En rejoignant la notion de diligence raisonnable, qui devient un outil de prévention intéressant pour les employeurs, cette nouvelle mouture du Plan d’action construction marque une approche innovatrice en matière de gestion de la santé et de la sécurité du travail. Cependant, il vise avant tout à provoquer un changement de culture et à faire en sorte que la gestion de la SST devienne un volet à part entière de la production sur le chantier, pas seulement un document administratif.
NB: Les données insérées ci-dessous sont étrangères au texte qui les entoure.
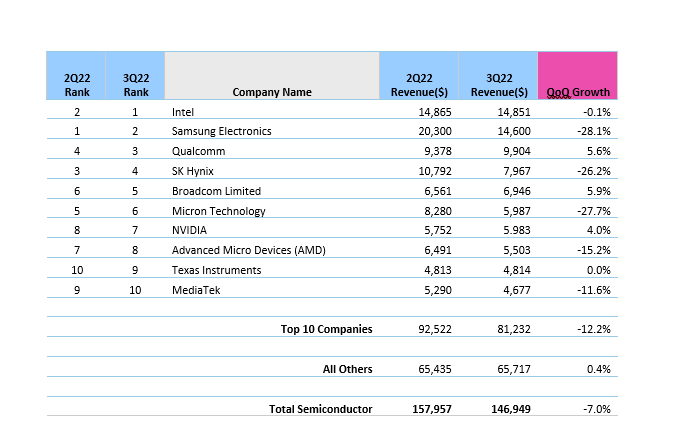 메모리 분야 중심 3사인 삼성전자, SK하이닉스, 마이크론 테크놀로지는 모두 한 자리씩 순위가 밀려났다. 주요 메모리 공급업체는 2022년 3분기에 100억 달러 넘는 반도체 수익 감소를 기록했고, 다른 업체들도 마찬가지로 어려움을 겪었다. AMD는 PC 수요 둔화와 재고 감소로 인해 수익이 감소했으며, 이는 이전 분기 인텔의 시장 상황과 동일하다.

Les employeurs du secteur de la construction ont tout intérêt à mettre en œuvre les dispositions du Plan d’action 2010. En effet, la CSST a récemment doublé les amendes qu’elle impose aux employeurs négligents. Au cours des 30 dernières années, l’amende pour une première infraction a varié entre 5 000 et 20 000 $. Depuis le 1er juillet dernier, cette fourchette va de 10 000 à 40 000 $. Et à compter du premier janvier prochain, les amendes tripleront, pour passer de 15 000 à 60 000 $.

 

« Les amendes n’avaient plus l’effet dissuasif recherché, note Alexandra Reny. Pour continuer à infléchir le nombre d’accidents, même si la situation s’est grandement améliorée au fil des ans grâce aux campagnes de prévention, nous n’avions pas d’autre choix que d’augmenter les amendes. Désormais, celles-ci feront par ailleurs l’objet d’une indexation annuelle. »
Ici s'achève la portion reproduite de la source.